[[ MATERIAL SUPPLIED, beginning ]]

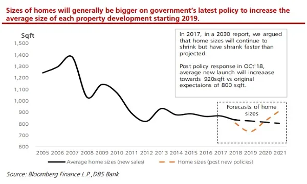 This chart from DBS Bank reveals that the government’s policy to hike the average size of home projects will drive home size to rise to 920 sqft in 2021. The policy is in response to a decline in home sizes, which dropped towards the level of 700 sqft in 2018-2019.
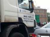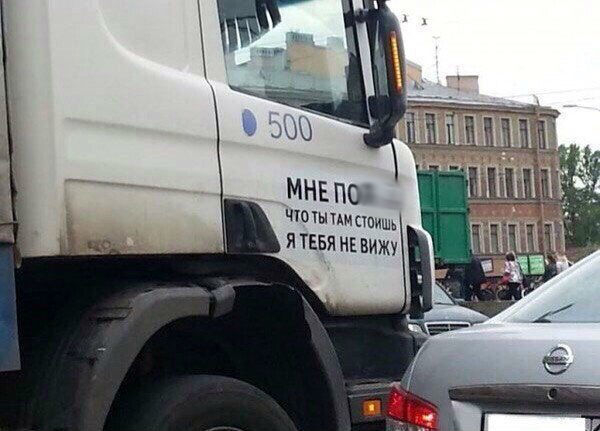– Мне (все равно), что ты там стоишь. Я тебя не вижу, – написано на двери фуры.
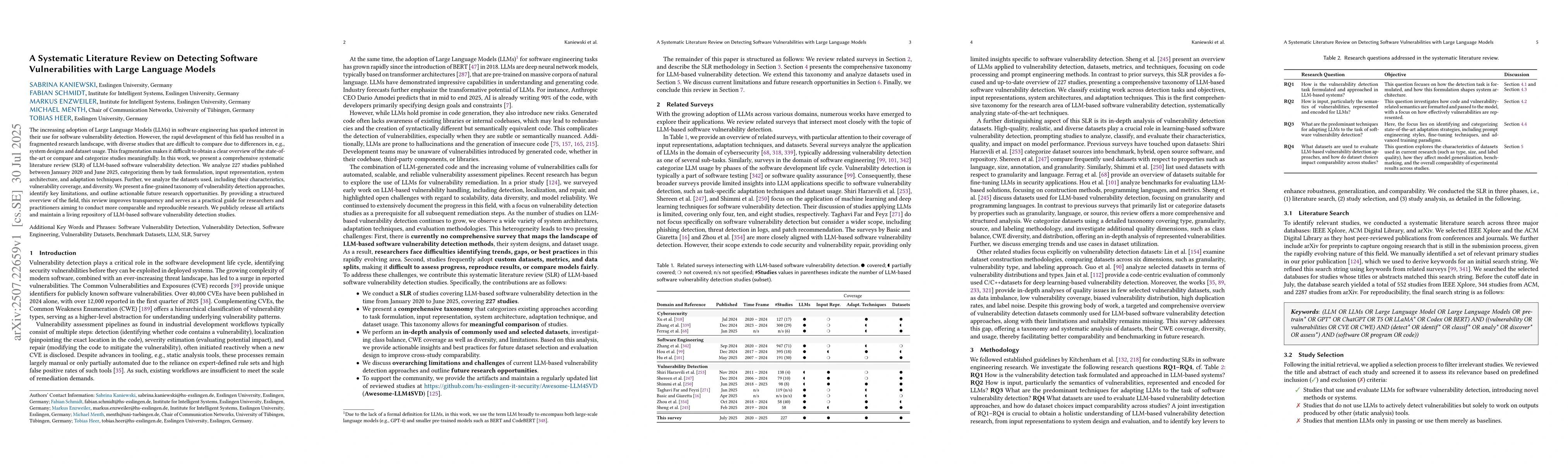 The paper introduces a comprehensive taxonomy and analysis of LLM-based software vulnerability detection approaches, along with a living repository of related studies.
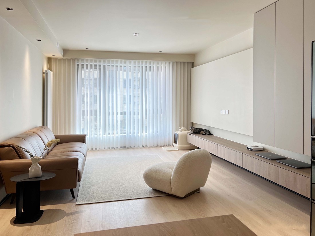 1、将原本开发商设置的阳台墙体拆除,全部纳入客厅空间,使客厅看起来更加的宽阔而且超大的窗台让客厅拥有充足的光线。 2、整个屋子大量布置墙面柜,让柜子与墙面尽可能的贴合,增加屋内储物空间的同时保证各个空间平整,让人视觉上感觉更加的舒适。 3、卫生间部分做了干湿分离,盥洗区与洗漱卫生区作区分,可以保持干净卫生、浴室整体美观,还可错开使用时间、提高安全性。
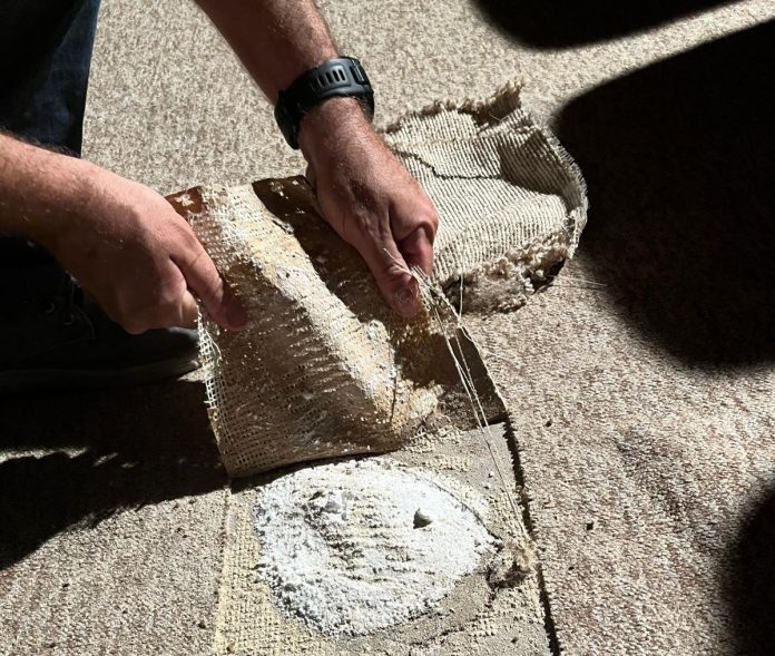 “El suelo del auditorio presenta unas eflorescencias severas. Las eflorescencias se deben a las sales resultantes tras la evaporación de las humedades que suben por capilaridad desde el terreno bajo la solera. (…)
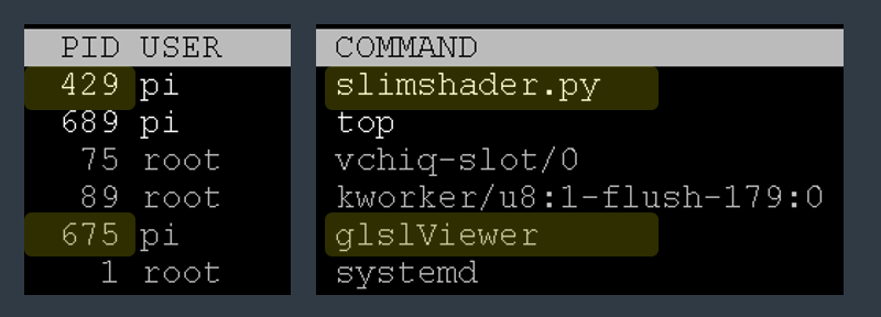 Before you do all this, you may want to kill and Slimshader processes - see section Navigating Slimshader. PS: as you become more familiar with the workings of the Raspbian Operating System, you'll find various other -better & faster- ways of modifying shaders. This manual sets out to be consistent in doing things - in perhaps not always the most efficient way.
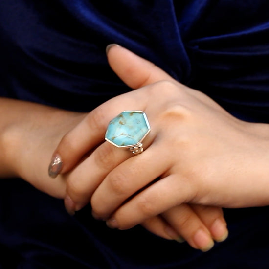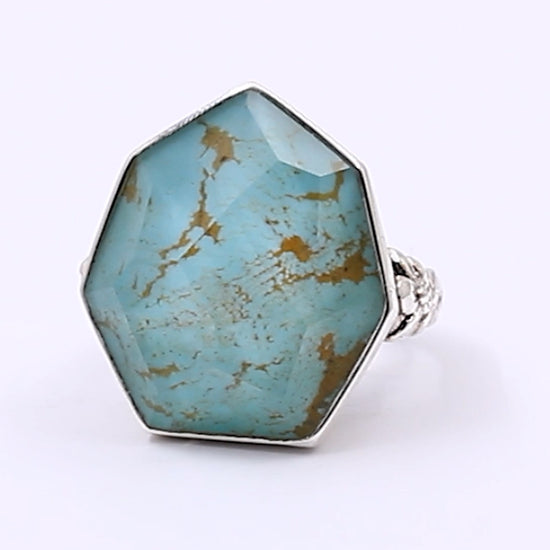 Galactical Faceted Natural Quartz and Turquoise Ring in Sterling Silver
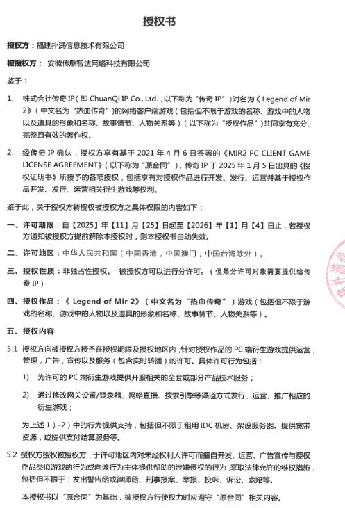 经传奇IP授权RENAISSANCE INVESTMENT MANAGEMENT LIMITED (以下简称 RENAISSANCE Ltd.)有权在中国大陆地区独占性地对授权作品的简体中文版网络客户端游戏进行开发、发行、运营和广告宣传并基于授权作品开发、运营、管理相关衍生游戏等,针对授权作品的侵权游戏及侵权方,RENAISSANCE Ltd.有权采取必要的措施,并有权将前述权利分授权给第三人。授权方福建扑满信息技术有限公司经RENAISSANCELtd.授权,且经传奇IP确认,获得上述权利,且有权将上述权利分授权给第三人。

[[ MATERIAL SUPPLIED, end ]]
[[ MATERIAL SUPPLIED, beginning ]]

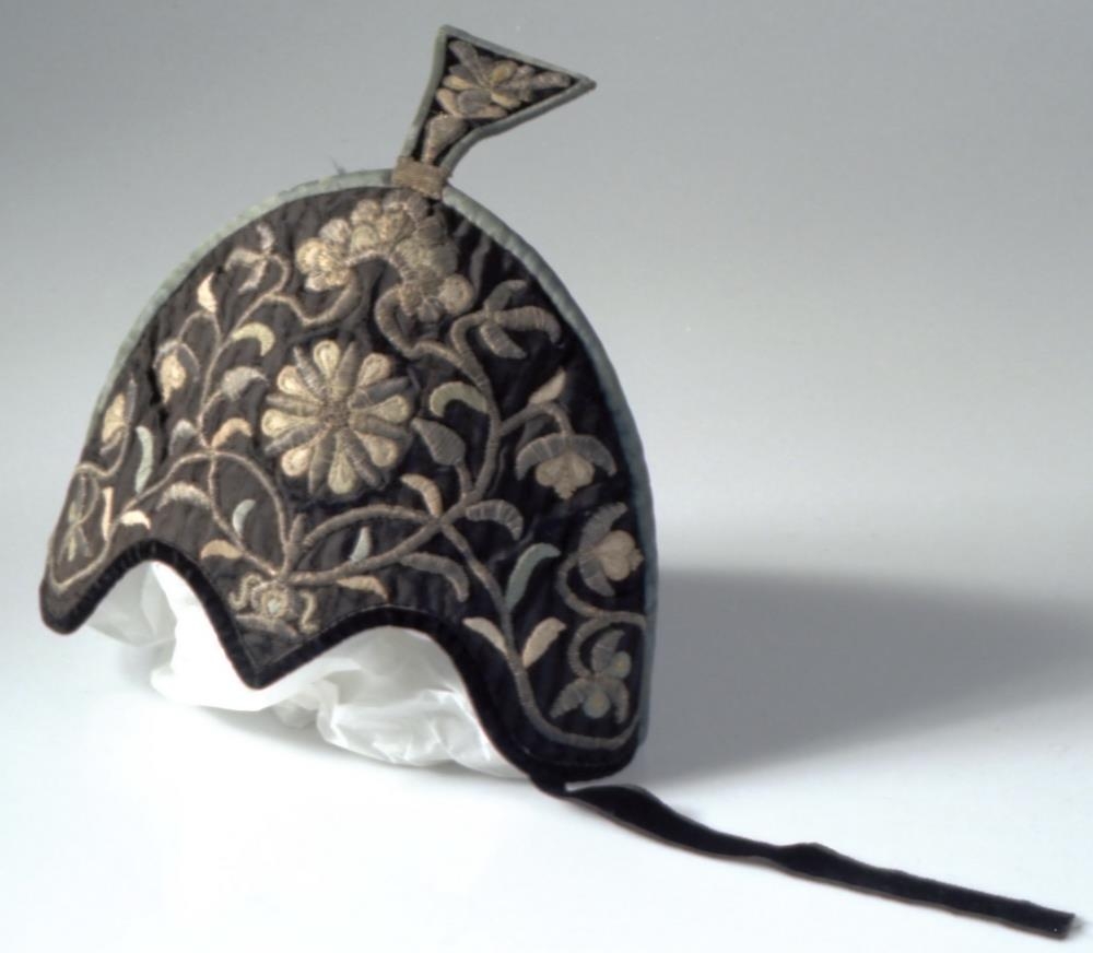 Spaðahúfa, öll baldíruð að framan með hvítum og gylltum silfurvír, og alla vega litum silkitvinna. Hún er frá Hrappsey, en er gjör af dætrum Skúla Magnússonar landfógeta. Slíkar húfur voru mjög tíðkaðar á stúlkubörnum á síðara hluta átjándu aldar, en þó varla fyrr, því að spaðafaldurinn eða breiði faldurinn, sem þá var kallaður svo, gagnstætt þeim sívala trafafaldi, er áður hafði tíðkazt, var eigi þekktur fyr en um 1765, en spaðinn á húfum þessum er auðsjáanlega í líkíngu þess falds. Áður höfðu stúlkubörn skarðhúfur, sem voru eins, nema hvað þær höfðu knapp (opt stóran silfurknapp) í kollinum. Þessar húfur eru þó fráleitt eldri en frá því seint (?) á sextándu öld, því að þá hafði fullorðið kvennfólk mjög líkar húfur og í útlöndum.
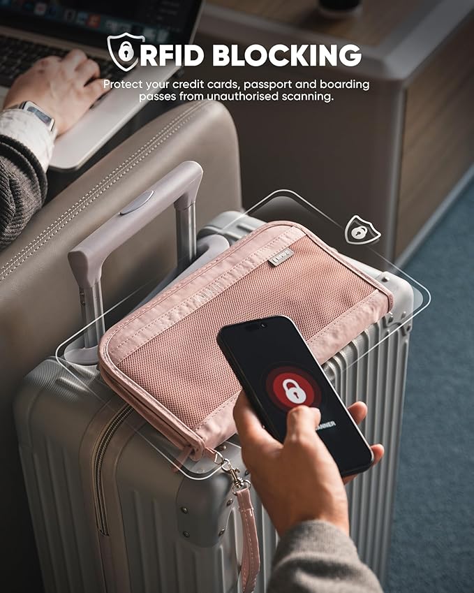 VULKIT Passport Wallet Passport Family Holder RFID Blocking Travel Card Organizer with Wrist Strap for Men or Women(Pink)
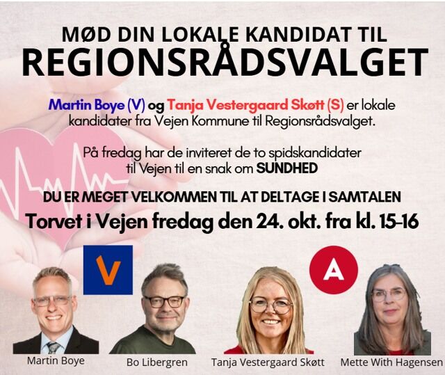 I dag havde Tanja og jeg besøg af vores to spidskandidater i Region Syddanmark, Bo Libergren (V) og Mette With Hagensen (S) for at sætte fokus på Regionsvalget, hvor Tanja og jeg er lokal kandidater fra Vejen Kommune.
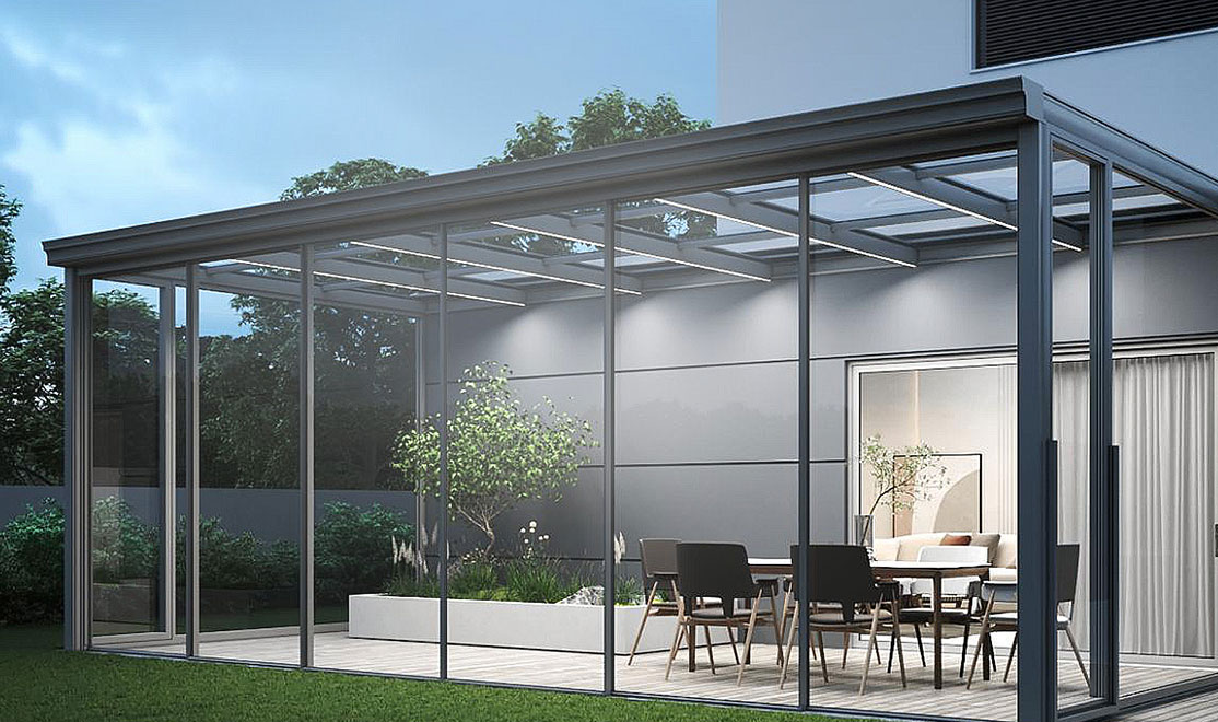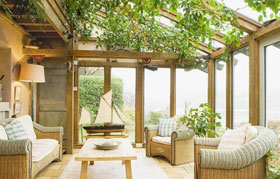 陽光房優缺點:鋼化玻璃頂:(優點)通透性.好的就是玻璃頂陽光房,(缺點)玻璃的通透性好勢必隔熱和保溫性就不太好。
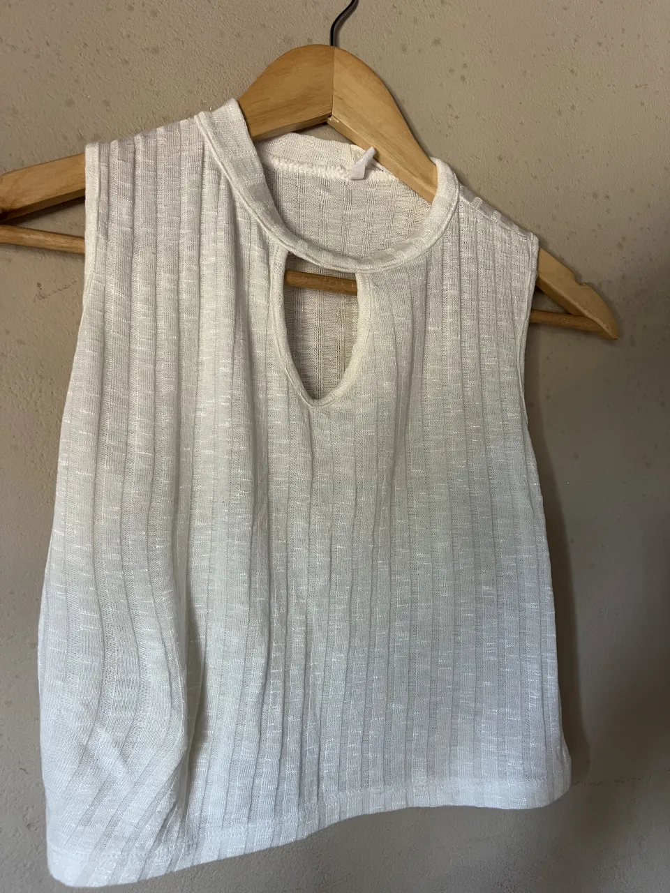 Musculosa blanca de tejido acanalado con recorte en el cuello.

[[ MATERIAL SUPPLIED, end ]]
[[ MATERIAL SUPPLIED, beginning ]]

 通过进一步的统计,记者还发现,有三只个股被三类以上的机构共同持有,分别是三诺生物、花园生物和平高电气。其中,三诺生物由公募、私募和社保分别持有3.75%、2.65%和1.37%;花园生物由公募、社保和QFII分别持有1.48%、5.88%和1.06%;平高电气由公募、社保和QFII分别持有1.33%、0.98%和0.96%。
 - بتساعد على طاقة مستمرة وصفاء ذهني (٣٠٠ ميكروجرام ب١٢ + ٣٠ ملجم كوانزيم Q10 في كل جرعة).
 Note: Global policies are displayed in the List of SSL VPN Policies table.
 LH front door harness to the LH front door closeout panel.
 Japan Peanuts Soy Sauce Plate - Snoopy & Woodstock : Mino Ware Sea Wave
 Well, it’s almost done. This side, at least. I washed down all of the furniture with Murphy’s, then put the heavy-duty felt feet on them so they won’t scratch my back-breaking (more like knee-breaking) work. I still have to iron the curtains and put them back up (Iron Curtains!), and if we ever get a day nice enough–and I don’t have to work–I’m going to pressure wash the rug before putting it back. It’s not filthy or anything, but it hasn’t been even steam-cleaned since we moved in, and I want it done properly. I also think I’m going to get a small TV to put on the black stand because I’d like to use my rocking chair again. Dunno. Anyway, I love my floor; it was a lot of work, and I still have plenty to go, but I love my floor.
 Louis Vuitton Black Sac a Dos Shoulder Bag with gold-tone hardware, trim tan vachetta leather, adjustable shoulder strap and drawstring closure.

[[ MATERIAL SUPPLIED, end ]]

ACTIVITY: Copy word for word the span of the records above that begins at the line with "Galactical Faceted Natural" and ends at the line with "经传奇IP授权RENAISSANCE INVESTMENT MANAGEMENT", including those two lines but not the pictures.

RESULT FOR THIS EXERCISE:
 Galactical Faceted Natural Quartz and Turquoise Ring in Sterling Silver
 经传奇IP授权RENAISSANCE INVESTMENT MANAGEMENT LIMITED (以下简称 RENAISSANCE Ltd.)有权在中国大陆地区独占性地对授权作品的简体中文版网络客户端游戏进行开发、发行、运营和广告宣传并基于授权作品开发、运营、管理相关衍生游戏等,针对授权作品的侵权游戏及侵权方,RENAISSANCE Ltd.有权采取必要的措施,并有权将前述权利分授权给第三人。授权方福建扑满信息技术有限公司经RENAISSANCELtd.授权,且经传奇IP确认,获得上述权利,且有权将上述权利分授权给第三人。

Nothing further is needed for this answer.